Get cb_2014_us_state_5m.zip and unzip it into the data folder.1 This contains the cartographic boundary files.
Save the following as state_fips_postal.csv in the csv directory.2
Alabama,1,AL
Alaska,2,AK
Arizona,4,AZ
Arkansas,5,AR
California,6,CA
Colorado,8,CO
Connecticut,9,CT
Delaware,10,DE
District of Columbia,11,DC
Florida,12,FL
Georgia,13,GA
Hawaii,15,HI
Idaho,16,ID
Illinois,17,IL
Indiana,18,IN
Iowa,19,IA
Kansas,20,KS
Kentucky,21,KY
Louisiana,22,LA
Maine,23,ME
Maryland,24,MD
Massachusetts,25,MA
Michigan,26,MI
Minnesota,27,MN
Mississippi,28,MS
Missouri,29,MO
Montana,30,MT
Nebraska,31,NE
Nevada,32,NV
New Hampshire,33,NH
New Jersey,34,NJ
New Mexico,35,NM
New York,36,NY
North Carolina,37,NC
North Dakota,38,ND
Ohio,39,OH
Oklahoma,40,OK
Oregon,41,OR
Pennsylvania,42,PA
Rhode Island,44,RI
South Carolina,45,SC
South Dakota,46,SD
Tennessee,47,TN
Texas,48,TX
Utah,49,UT
Vermont,50,VT
Virginia,51,VA
Washington,53,WA
West Virginia,54,WV
Wisconsin,55,WI
Wyoming,56,WY
setwd("~/Desktop/gitmo/playpen/r") # Your directory here
getwd()
## [1] "/Users/rc/Desktop/gitmo/playpen/r"
x <- c("dplyr", "ggmap", "ggplot2", "RColorBrewer", "rgdal", "classInt", "RCurl")
lapply(x, library, character.only = TRUE)
## [[1]]
## [1] "dplyr" "stats" "graphics" "grDevices" "utils" "datasets"
## [7] "methods" "base"
##
## [[2]]
## [1] "ggmap" "ggplot2" "dplyr" "stats" "graphics"

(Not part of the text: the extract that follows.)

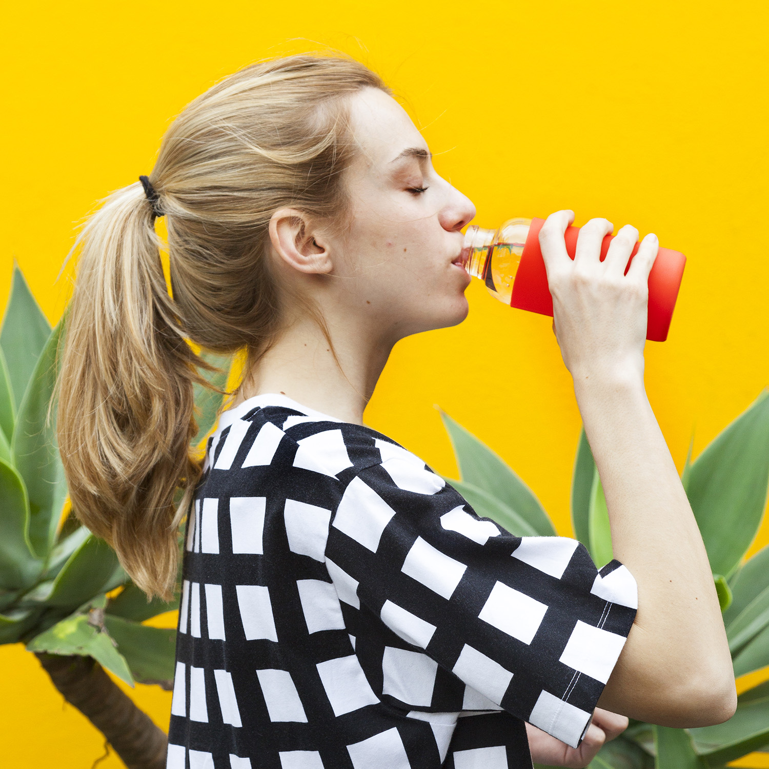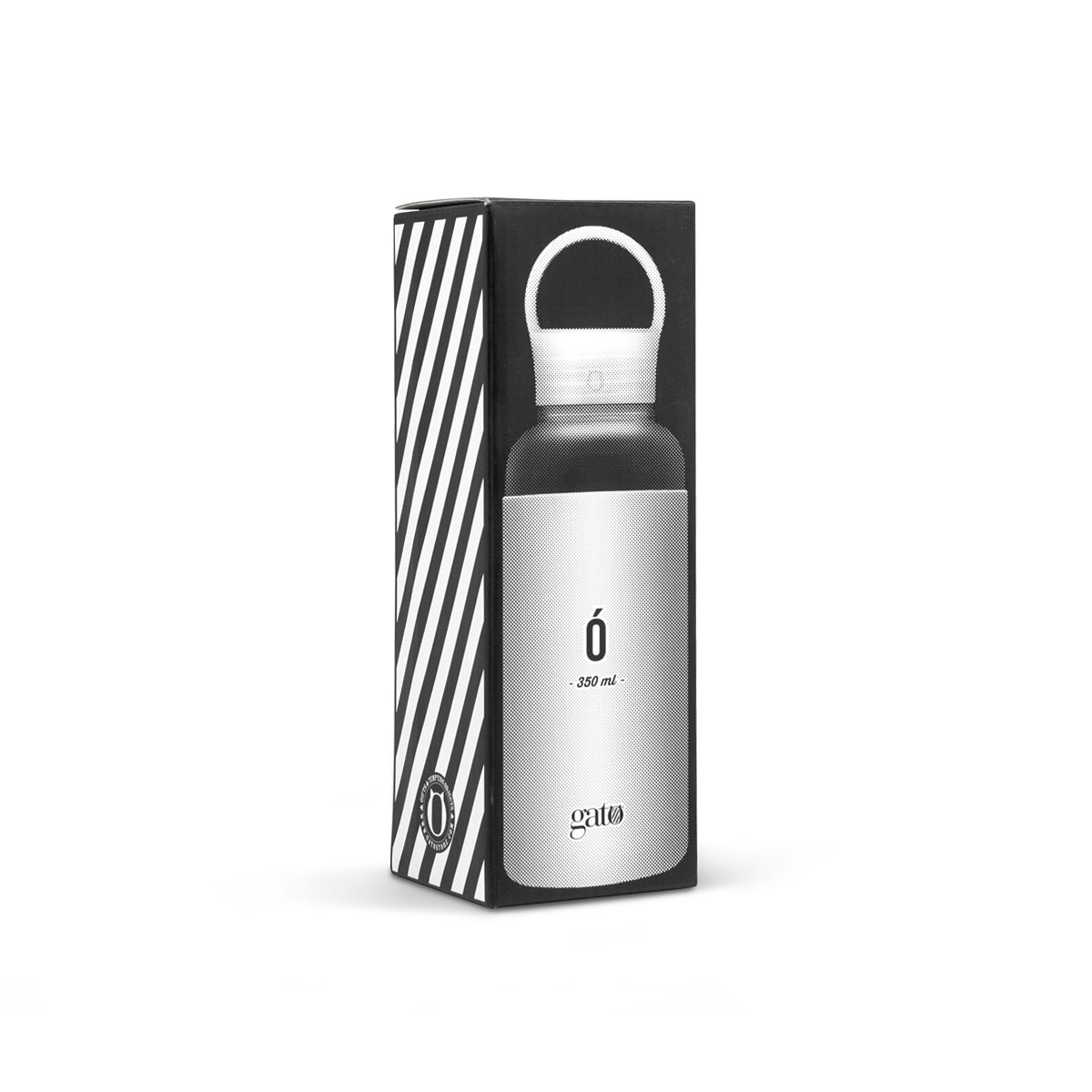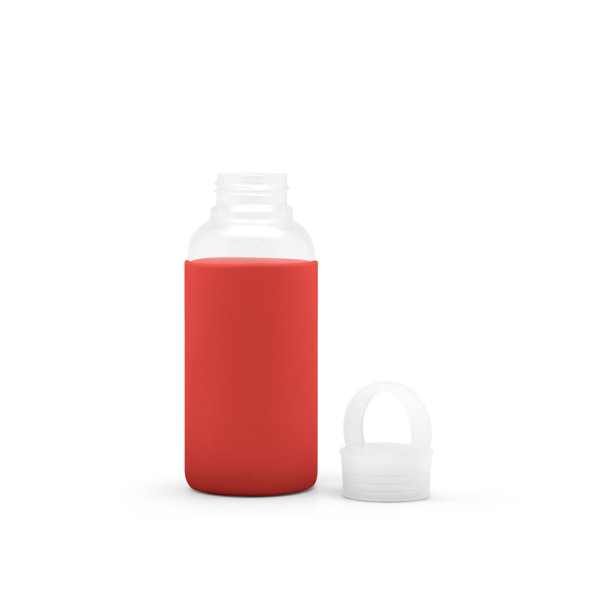 Ø 6,5 x 20 cm. Capacidad 350 ml. Vidrio de borosilicato. Botella práctica y reutilizable. Posee manga de silicona antideslizante en varios colores y pico ancho. Tapa a rosca, antiderrame y con manija de agarre. Presentación en caja de regalo.

## [6] "grDevices" "utils" "datasets" "methods" "base"
##
## [[3]]
## [1] "ggmap" "ggplot2" "dplyr" "stats" "graphics"
## [6] "grDevices" "utils" "datasets" "methods" "base"
##
## [[4]]
## [1] "RColorBrewer" "ggmap" "ggplot2" "dplyr"
## [5] "stats" "graphics" "grDevices" "utils"
## [9] "datasets" "methods" "base"
##
## [[5]]
## [1] "rgdal" "sp" "RColorBrewer" "ggmap"
## [5] "ggplot2" "dplyr" "stats" "graphics"
## [9] "grDevices" "utils" "datasets" "methods"
## [13] "base"
##
## [[6]]
## [1] "classInt" "rgdal" "sp" "RColorBrewer"
## [5] "ggmap" "ggplot2" "dplyr" "stats"
## [9] "graphics" "grDevices" "utils" "datasets"
## [13] "methods" "base"
##
## [[7]]
## [1] "RCurl" "bitops" "classInt" "rgdal"
## [5] "sp" "RColorBrewer" "ggmap" "ggplot2"
## [9] "dplyr" "stats" "graphics" "grDevices"
## [13] "utils" "datasets" "methods" "base"
This could also be accomplished one-at-a-time4
require("dplyr")
require("ggmap")
require("ggplot2")
require("RColorBrewer")
require("rgdal")
require("classInt")
require("RCurl")
In a future installment, a technique to inset Alaska and Hawaii will be shown.
remove.farflung = function(.df) {
subset(.df,
.df$id != "AS" &
.df$id != "MP" &
.df$id != "GU" &
.df$id != "PR" &
.df$id != "VI" &
.df$id != "AK" &
.df$id != "HI"
)
}
save(remove.farflung, file = "helpers/remove.farflung")
intervals = function(.df, ...){
argList = match.call(expand.dots=FALSE)$...
for(i in 1:length(argList)){
colName <- argList[[i]]
series_colName = eval(substitute(colName), envir=.df, enclos=parent.frame())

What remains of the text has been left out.